** DATA TO PROCESS follows **

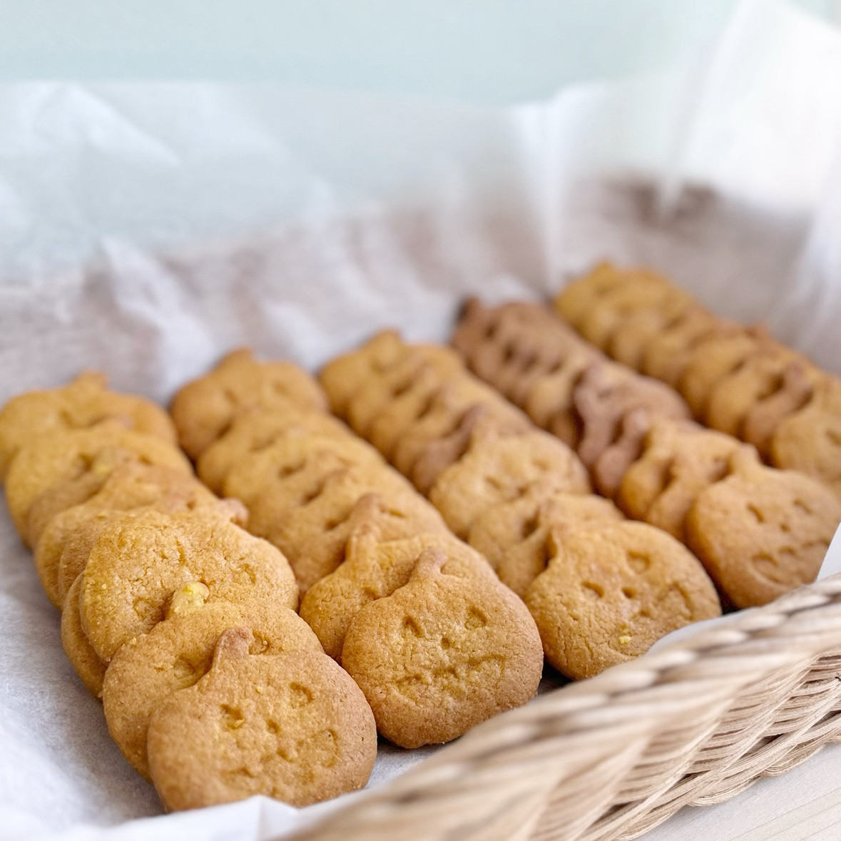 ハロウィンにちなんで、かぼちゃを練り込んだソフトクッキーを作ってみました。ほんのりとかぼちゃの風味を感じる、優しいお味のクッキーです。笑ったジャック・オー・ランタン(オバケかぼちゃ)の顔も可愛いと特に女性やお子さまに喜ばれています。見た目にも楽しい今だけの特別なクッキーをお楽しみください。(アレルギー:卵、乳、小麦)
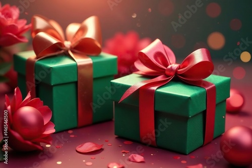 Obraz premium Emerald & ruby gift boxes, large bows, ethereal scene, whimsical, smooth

** End of DATA TO PROCESS **
** DATA TO PROCESS follows **

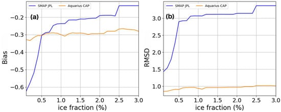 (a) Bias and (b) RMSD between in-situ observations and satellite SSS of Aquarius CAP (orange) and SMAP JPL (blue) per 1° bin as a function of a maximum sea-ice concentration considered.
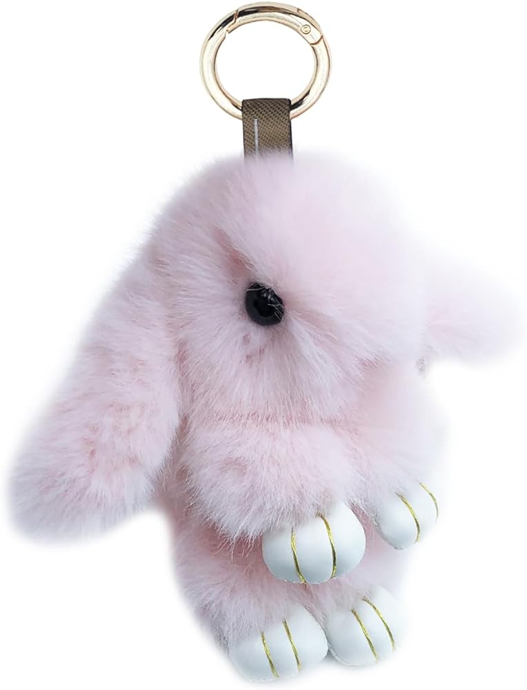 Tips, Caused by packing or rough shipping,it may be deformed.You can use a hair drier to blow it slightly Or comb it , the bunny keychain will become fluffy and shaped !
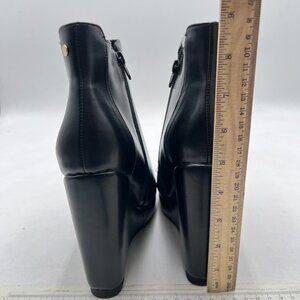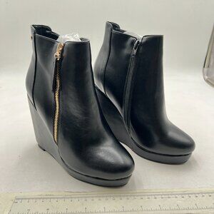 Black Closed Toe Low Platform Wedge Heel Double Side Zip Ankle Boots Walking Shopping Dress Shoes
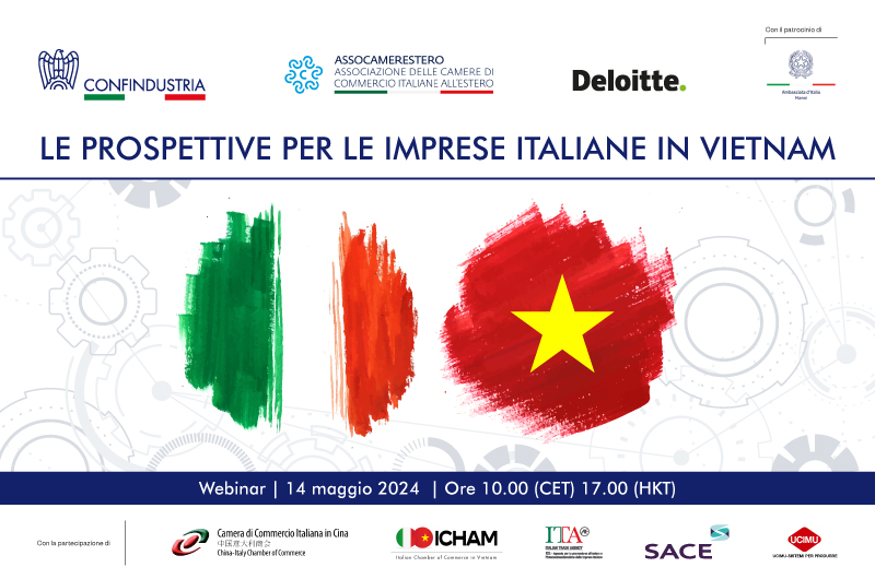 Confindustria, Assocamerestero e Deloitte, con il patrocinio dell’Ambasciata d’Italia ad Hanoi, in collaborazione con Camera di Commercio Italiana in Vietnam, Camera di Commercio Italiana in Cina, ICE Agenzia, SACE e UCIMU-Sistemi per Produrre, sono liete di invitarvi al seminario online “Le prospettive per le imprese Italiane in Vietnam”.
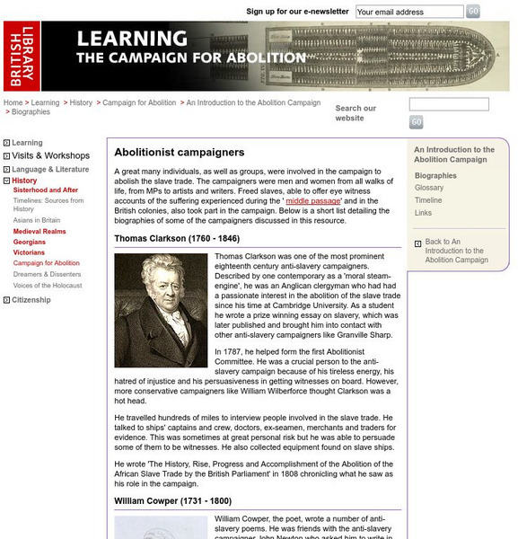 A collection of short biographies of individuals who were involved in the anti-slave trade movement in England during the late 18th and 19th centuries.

** End of DATA TO PROCESS **

PROBLEM REQUIREMENTS: Write out exactly the lines above between the one with "Black Closed Toe" and the one with "A collection of", inclusive, with pictures left out.

THE ANSWER:
 Black Closed Toe Low Platform Wedge Heel Double Side Zip Ankle Boots Walking Shopping Dress Shoes
 Confindustria, Assocamerestero e Deloitte, con il patrocinio dell’Ambasciata d’Italia ad Hanoi, in collaborazione con Camera di Commercio Italiana in Vietnam, Camera di Commercio Italiana in Cina, ICE Agenzia, SACE e UCIMU-Sistemi per Produrre, sono liete di invitarvi al seminario online “Le prospettive per le imprese Italiane in Vietnam”.
 A collection of short biographies of individuals who were involved in the anti-slave trade movement in England during the late 18th and 19th centuries.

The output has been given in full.